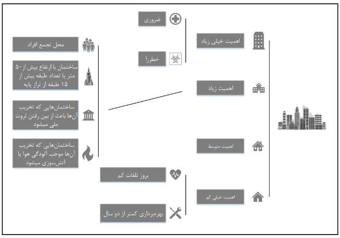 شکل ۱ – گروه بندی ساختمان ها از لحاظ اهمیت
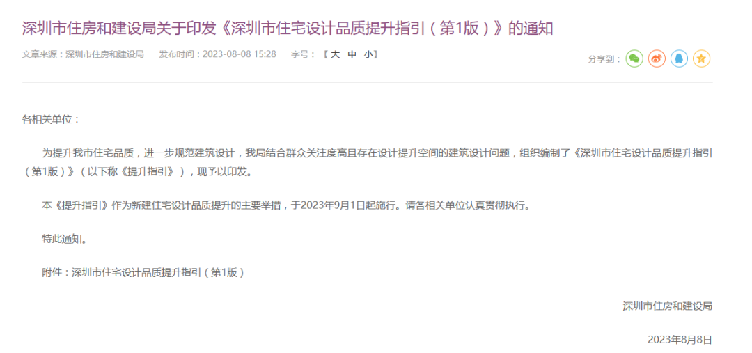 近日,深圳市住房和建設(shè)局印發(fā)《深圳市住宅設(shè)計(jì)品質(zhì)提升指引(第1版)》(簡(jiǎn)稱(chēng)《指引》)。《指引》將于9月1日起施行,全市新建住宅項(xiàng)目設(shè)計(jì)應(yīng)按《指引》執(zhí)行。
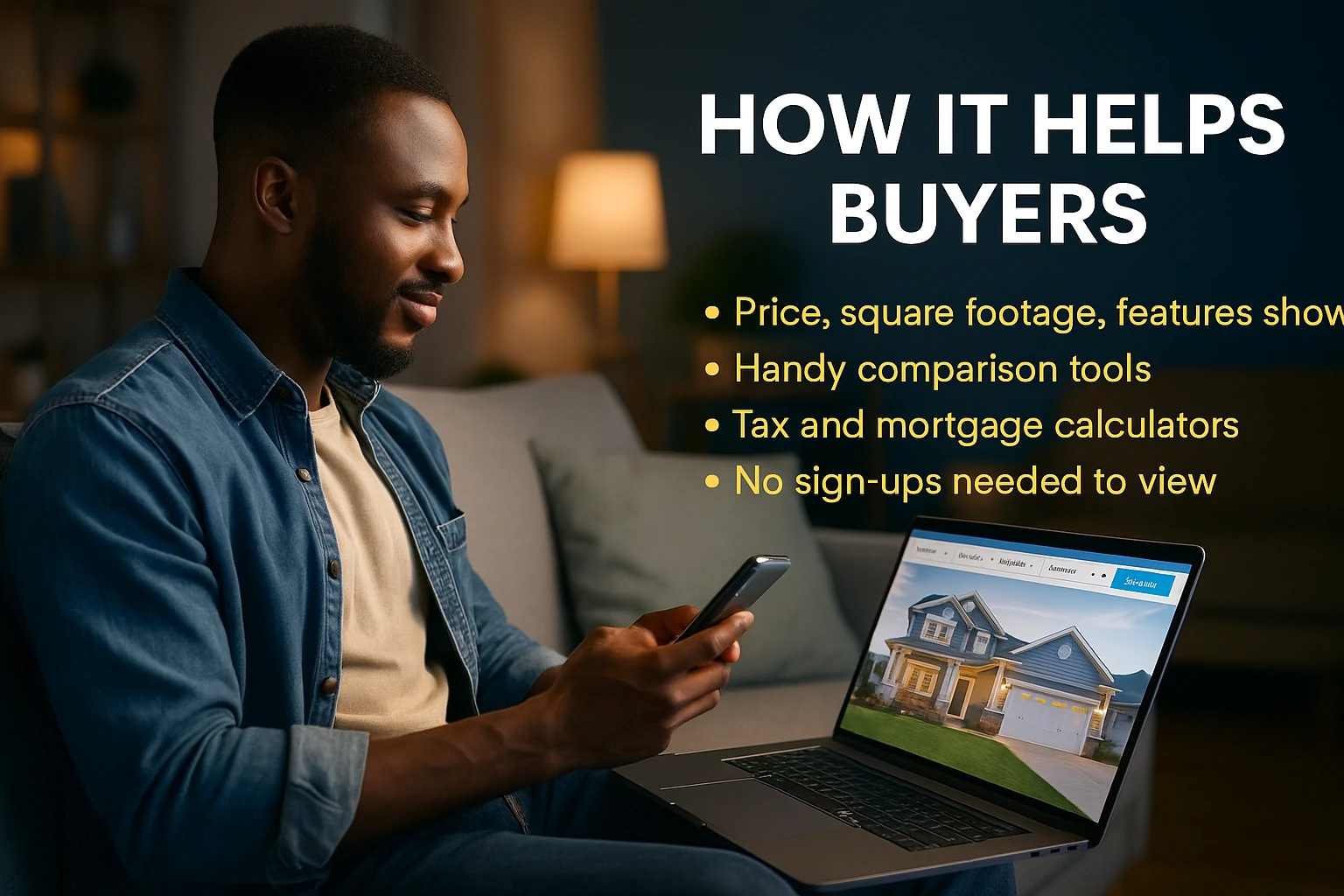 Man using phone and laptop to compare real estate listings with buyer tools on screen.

* * *

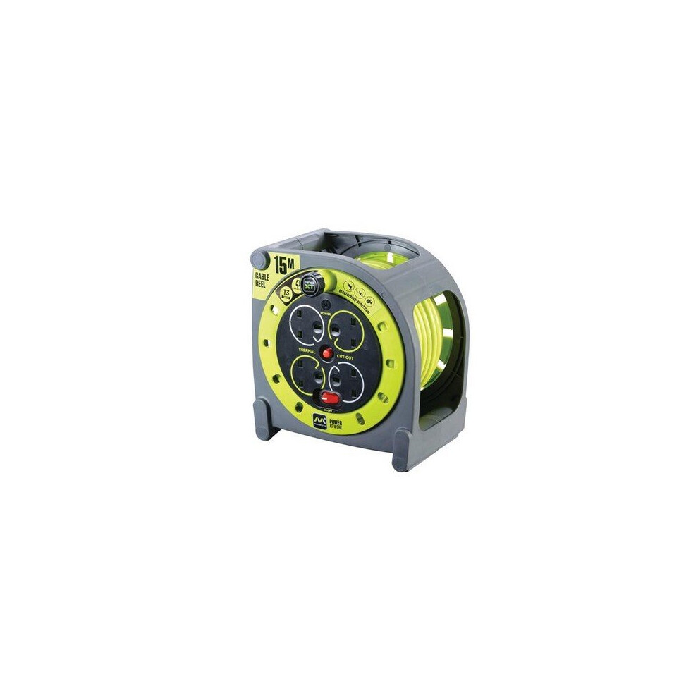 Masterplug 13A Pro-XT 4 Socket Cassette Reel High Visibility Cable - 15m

Action item: From the material above, reproduce only what runs from the line holding "شکل ۱ – گروه بندی ساختمان ها از لحاظ اهمیت" down to the line holding "Man using phone", both included, pictures excluded.

Response to the exercise:
 شکل ۱ – گروه بندی ساختمان ها از لحاظ اهمیت
 近日,深圳市住房和建設(shè)局印發(fā)《深圳市住宅設(shè)計(jì)品質(zhì)提升指引(第1版)》(簡(jiǎn)稱(chēng)《指引》)。《指引》將于9月1日起施行,全市新建住宅項(xiàng)目設(shè)計(jì)應(yīng)按《指引》執(zhí)行。
 Man using phone and laptop to compare real estate listings with buyer tools on screen.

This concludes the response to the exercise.